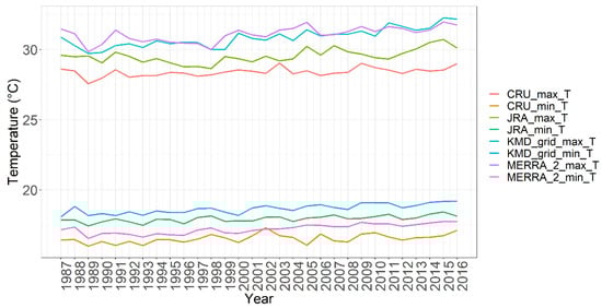 There was less variation in Tmin/Tmax compared to precipitation (mean = 29.97 °C, SD = 0.86 °C, CV = 1.74%; mean = 17.59 °C, SD = 0.30 °C, CV = 1.67% for Tmax and Tmin, respectively). The Tmin/Tmax products were more similar in inter-annual pattern than magnitude (Figure 3). KMD and MERRA-2 largely agreed both in terms of Tmax pattern and magnitude, whereas CRU and JRA-55 showed a similar pattern but lower values (see Table S1 for means and CV). For Tmin, the products were largely in agreement in terms of pattern, but not in magnitude, with mean Tmin decreasing in the order KMD, JRA-55, MERRA-2, and CRU (see Figure 3 and Table S1). The agreement in pattern could also be seen in the correlation analysis (Figure S4; all coefficients greater than 0.8).
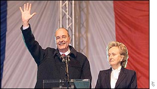 jacques chirac qui fais coucou a tout le monde avec manan bernadette a sa droite
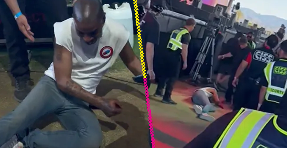 Resulta que al caer, Kid Cudi quedó en el suelo y tuvo que ser auxiliado. Dos guardias de seguridad en Coachella lo ayudaron a levantarse y se lo llevaron cargando entre brazos y con los fans confundidos por lo que había sucedido en esos minutos.
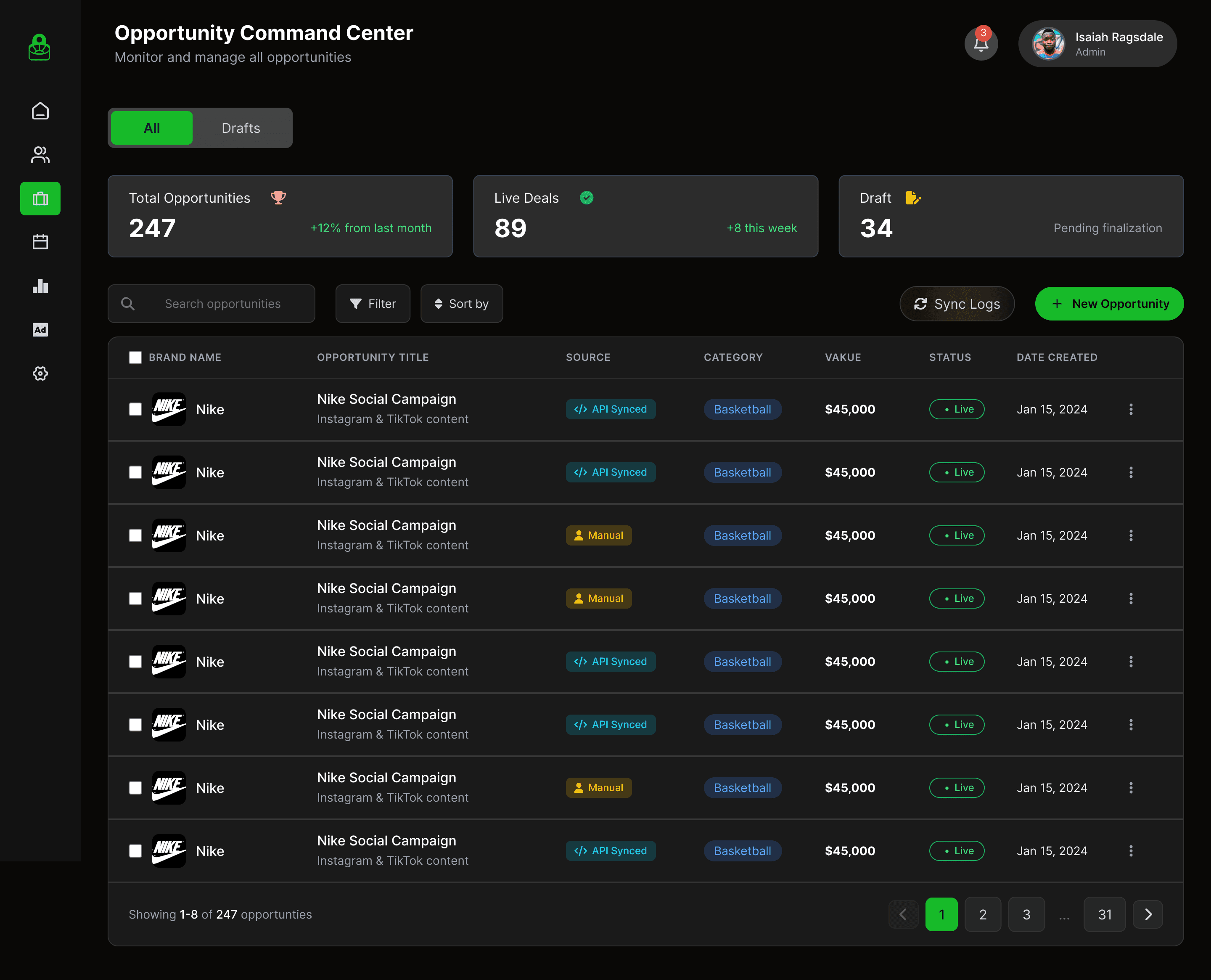 I transitioned the validated wireframes into a high-fidelity, cross-platform system designed to balance the high-energy environment of an athlete with the precision required by a brand agent. By architecting a "Control Tower" dashboard, I enabled recruiters to manage over $124.5K in revenue and 1,300+ active users through a single, scannable interface that prioritizes system alerts and pending verifications.

----------

PROMPT:
What is needed is a word-for-word copy of the data above, free of any images.

ANSWER TO THIS PROBLEM:
 There was less variation in Tmin/Tmax compared to precipitation (mean = 29.97 °C, SD = 0.86 °C, CV = 1.74%; mean = 17.59 °C, SD = 0.30 °C, CV = 1.67% for Tmax and Tmin, respectively). The Tmin/Tmax products were more similar in inter-annual pattern than magnitude (Figure 3). KMD and MERRA-2 largely agreed both in terms of Tmax pattern and magnitude, whereas CRU and JRA-55 showed a similar pattern but lower values (see Table S1 for means and CV). For Tmin, the products were largely in agreement in terms of pattern, but not in magnitude, with mean Tmin decreasing in the order KMD, JRA-55, MERRA-2, and CRU (see Figure 3 and Table S1). The agreement in pattern could also be seen in the correlation analysis (Figure S4; all coefficients greater than 0.8).
 jacques chirac qui fais coucou a tout le monde avec manan bernadette a sa droite
 Resulta que al caer, Kid Cudi quedó en el suelo y tuvo que ser auxiliado. Dos guardias de seguridad en Coachella lo ayudaron a levantarse y se lo llevaron cargando entre brazos y con los fans confundidos por lo que había sucedido en esos minutos.
 I transitioned the validated wireframes into a high-fidelity, cross-platform system designed to balance the high-energy environment of an athlete with the precision required by a brand agent. By architecting a "Control Tower" dashboard, I enabled recruiters to manage over $124.5K in revenue and 1,300+ active users through a single, scannable interface that prioritizes system alerts and pending verifications.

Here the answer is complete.